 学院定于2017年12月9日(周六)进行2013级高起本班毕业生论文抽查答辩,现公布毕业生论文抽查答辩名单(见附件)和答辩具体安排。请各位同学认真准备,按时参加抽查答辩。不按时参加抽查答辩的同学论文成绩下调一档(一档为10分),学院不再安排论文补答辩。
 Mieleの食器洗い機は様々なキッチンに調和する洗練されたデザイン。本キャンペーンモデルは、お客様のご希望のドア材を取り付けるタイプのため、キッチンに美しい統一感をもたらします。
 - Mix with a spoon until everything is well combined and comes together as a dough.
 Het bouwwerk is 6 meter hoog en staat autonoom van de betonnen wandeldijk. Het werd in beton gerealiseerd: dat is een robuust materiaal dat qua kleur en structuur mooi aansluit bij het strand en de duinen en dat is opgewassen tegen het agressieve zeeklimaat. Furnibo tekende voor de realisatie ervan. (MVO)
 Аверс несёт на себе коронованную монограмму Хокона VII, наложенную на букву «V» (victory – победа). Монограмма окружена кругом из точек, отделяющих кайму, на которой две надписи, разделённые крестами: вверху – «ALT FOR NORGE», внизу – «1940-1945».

● ● ● ●

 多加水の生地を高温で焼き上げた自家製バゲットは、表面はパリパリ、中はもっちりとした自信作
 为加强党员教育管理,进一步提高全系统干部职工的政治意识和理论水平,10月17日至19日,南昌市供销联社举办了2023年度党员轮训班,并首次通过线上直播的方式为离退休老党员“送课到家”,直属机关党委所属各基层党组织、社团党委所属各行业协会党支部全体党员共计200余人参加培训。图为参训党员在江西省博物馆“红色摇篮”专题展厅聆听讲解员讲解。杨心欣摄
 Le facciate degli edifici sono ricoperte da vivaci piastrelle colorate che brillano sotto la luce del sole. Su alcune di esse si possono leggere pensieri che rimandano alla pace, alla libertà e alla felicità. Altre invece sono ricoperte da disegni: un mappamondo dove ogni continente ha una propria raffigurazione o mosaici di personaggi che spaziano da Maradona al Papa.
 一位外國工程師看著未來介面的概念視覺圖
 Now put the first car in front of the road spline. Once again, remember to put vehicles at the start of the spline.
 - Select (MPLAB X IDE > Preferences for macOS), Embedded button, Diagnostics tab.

● ● ● ●

= Instructions to follow =
All lines above from the one containing "- Mix with a" to the one containing "Аверс несёт на" must be repeated exactly, both lines included, and no others.

= Solution for this exercise =
 - Mix with a spoon until everything is well combined and comes together as a dough.
 Het bouwwerk is 6 meter hoog en staat autonoom van de betonnen wandeldijk. Het werd in beton gerealiseerd: dat is een robuust materiaal dat qua kleur en structuur mooi aansluit bij het strand en de duinen en dat is opgewassen tegen het agressieve zeeklimaat. Furnibo tekende voor de realisatie ervan. (MVO)
 Аверс несёт на себе коронованную монограмму Хокона VII, наложенную на букву «V» (victory – победа). Монограмма окружена кругом из точек, отделяющих кайму, на которой две надписи, разделённые крестами: вверху – «ALT FOR NORGE», внизу – «1940-1945».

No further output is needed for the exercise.